Both teachers and students have enrolled in online learning: the first group often one of digital impostors, and the latter – digital natives. Schools have moved into homes, erasing familiar rhythms, opening up a new world of alienation, disorientation, and conflict…

Bozena Jelusic

Education has gone through a period of intense change and reform in the last decades of the 20th century. Traditional schools did not suit a world in which knowledge was doubled each seven years, and so began the search for new forms of teaching. New ‘literacies’ appeared (digital, media, informational…), which became necessary tools to access, synthesise, and utilise knowledge in the new circumstances. Still, education remained a ‘key to the future’, and a powerful instrument for reducing social inequality.

Then the pandemic ‘took education outside the classroom’, and all faults as well as positives of going to school have became even more apparent. A ‘new era’ of education began.

Both teachers and students have enrolled in online learning: the first group often one of digital impostors, and the latter digital natives. Schools have moved into homes, erasing familiar rhythms, opening up a new world of alienation, disorientation, and conflict (though quieter and more shy students have grown easily accustomed to the new circumstance).

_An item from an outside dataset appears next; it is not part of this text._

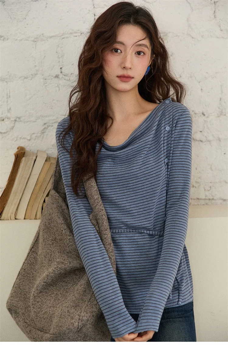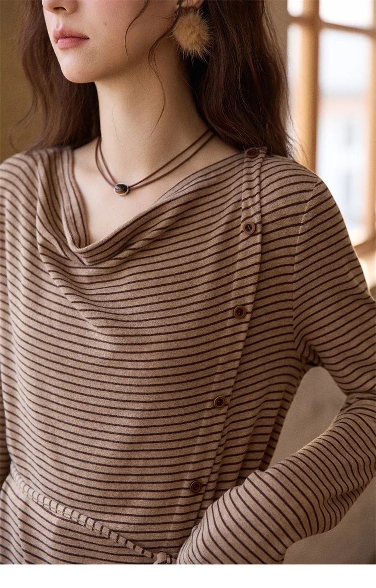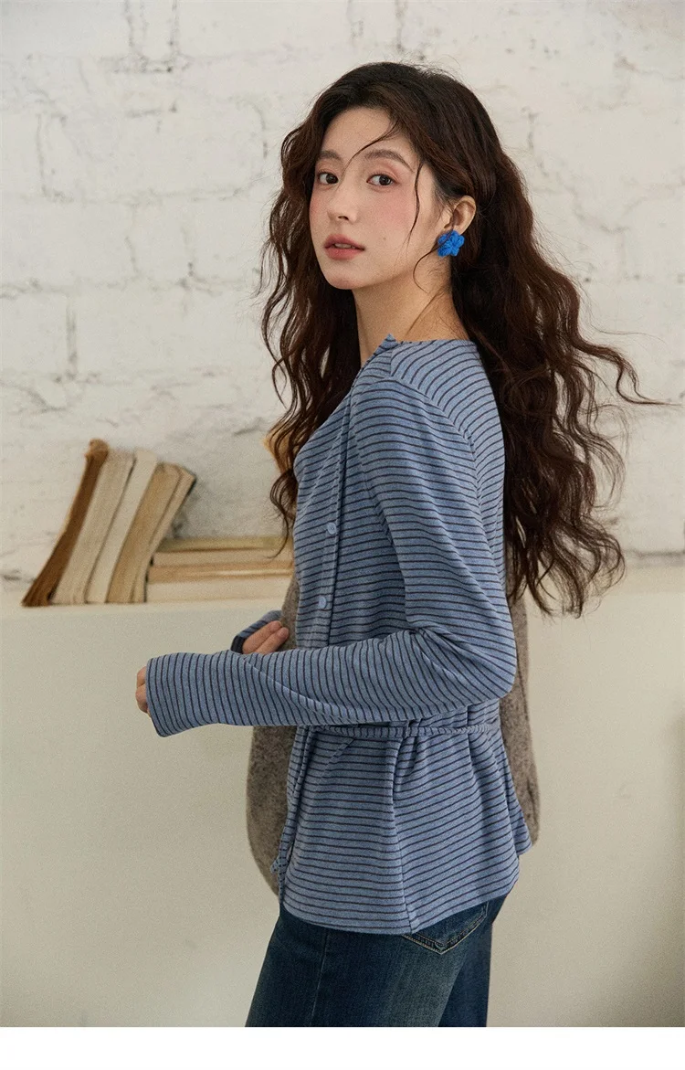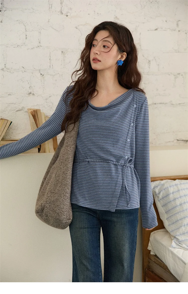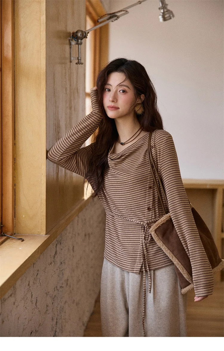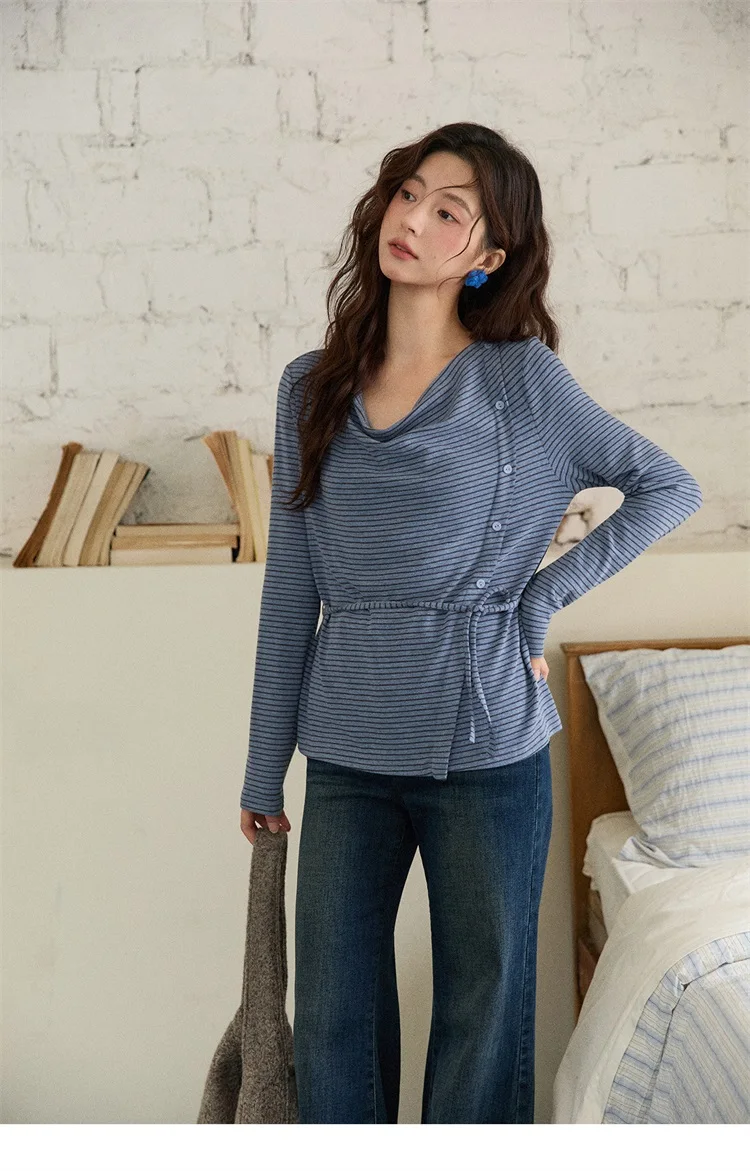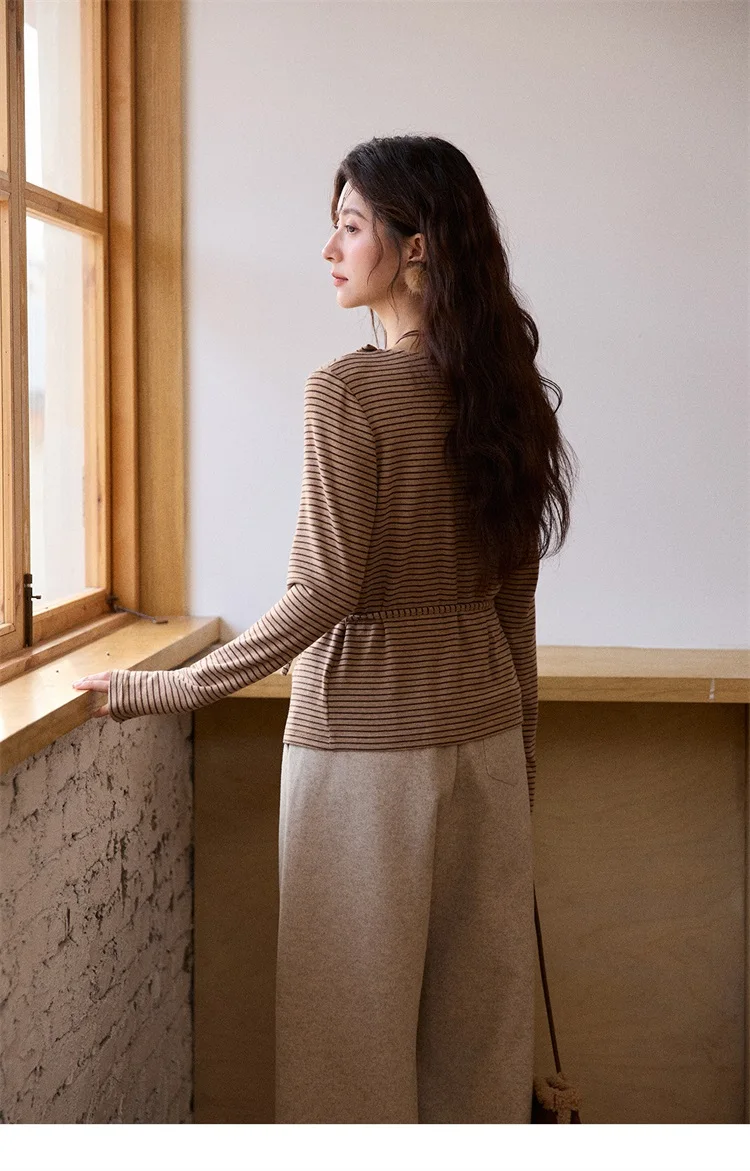 Mishow Retro Crew Neck Tie-Up Striped Top MXE87Z2700

Overwhelmed with additional responsibilities, teachers soon realised that students are less motivated, and are having a more difficult time remembering information and keeping their focus. Long immersed in the digital infodemic, young people struggled with impractical curricula of too high volume. After all, their way of thinking has long stopped corresponding to the linear model of a book, but rather suiting that of a radial web. A thoughtful adaptation of the curricula has become urgent and neccessary, just as much as new ways of assesment.

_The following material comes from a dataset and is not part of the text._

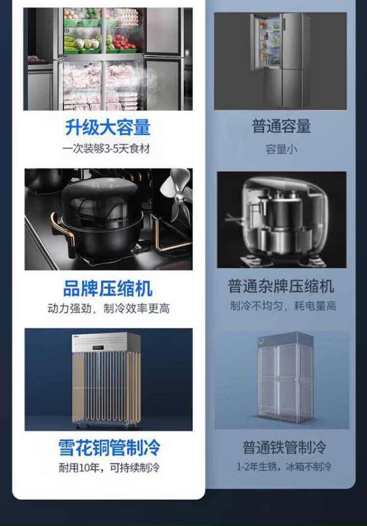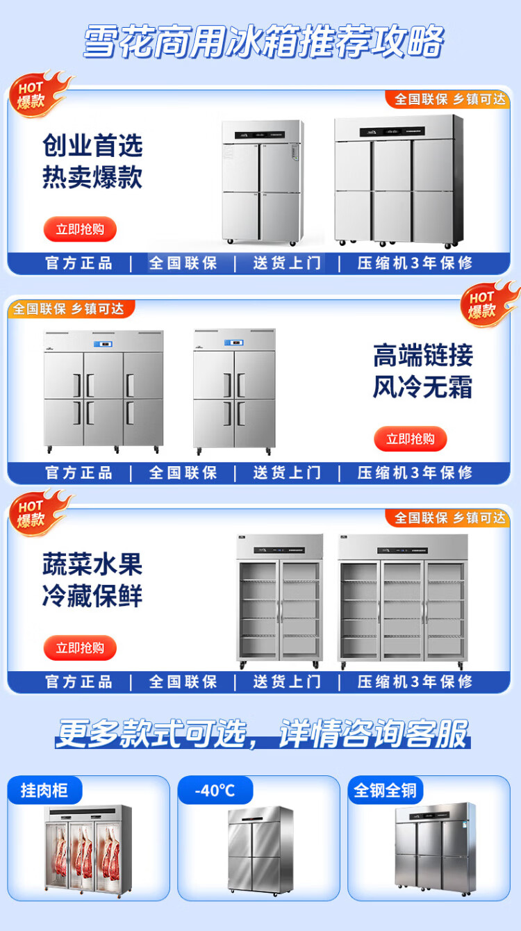 Snowflake four-door refrigerator commercial refrigeration and freezing dual-temperature six-door freezer large-capacity refrigerator catering kitchen hotel vertical stainless steel fresh-keeping cabinet four-door refrigerator refrigeration display cabinet fully frozen large four-door pure copper tube丨first-class energy-saving 2026 new upgrade丨large capacity丨efficient refrigeration

Pandemic education has also revealed all forms of inequality, even those previously invisible. A significant number of students did not have access to a computer, internet, or even a TV. The smartphone became a leading tool, and its display a measure of knowledge and memory. Some parents could help their children learn, very few could afford to pay for additional tutoring, and internet ‘plagiarism’ has been common for some time now.

While the main concern was that schools would become super-spreader locations, the negative effects of school closure were overlooked: effects on the actual outcome of education, the students’ mental health, and how that would eventually reflect on society overall. The pandemic has quickly lead to an explosion of inequality and many disorders in one billion students across 160 countries.

We most likely don’t have an alternative to school closure at the moment, although research hasn’t shown that schools contribute to the number of Covid-19 infections as of yet. It has become clear, however, that closed schools have had a dramatic effect on the quality of education, rise in poverty and inequality, rates of students leaving education altogether, rise in crime, psycho-social issues, minor marriages, gender inequality, all the while students with disabilities and refugees are suffering immeasurable consequences. The pandemic has become a sort of generational catastrophe in the education sphere, and it can have long-term detrimental effects on both local and global development goals, as well as lives of many individuals.

That is why it’s crucial to reopen schools in a safe way combining traditional and online education. It is just as important to narrow the gap between what traditional schooling offers, and what young people and society as a whole need.

It is neccessary to create schools of the future, focus on creativity and innovation in teaching, with additional funding to care for those who have less opportunities. This field trip into the virtual sphere cannot result in budget cuts and a reduction in what schools offer – there must be a clear consciousness that we can face a similar challenge every couple of years.

 

Bozena Jelusic, until 2017, professor of literature and media literacy in Gymnasium Danilo Kis, Budva.  Holder of the Oktoih award (2000), the highest acknowledgement in the educational sphere in Montenegro. Author of Gymnasium curriculum and textbooks. Member of Parliament.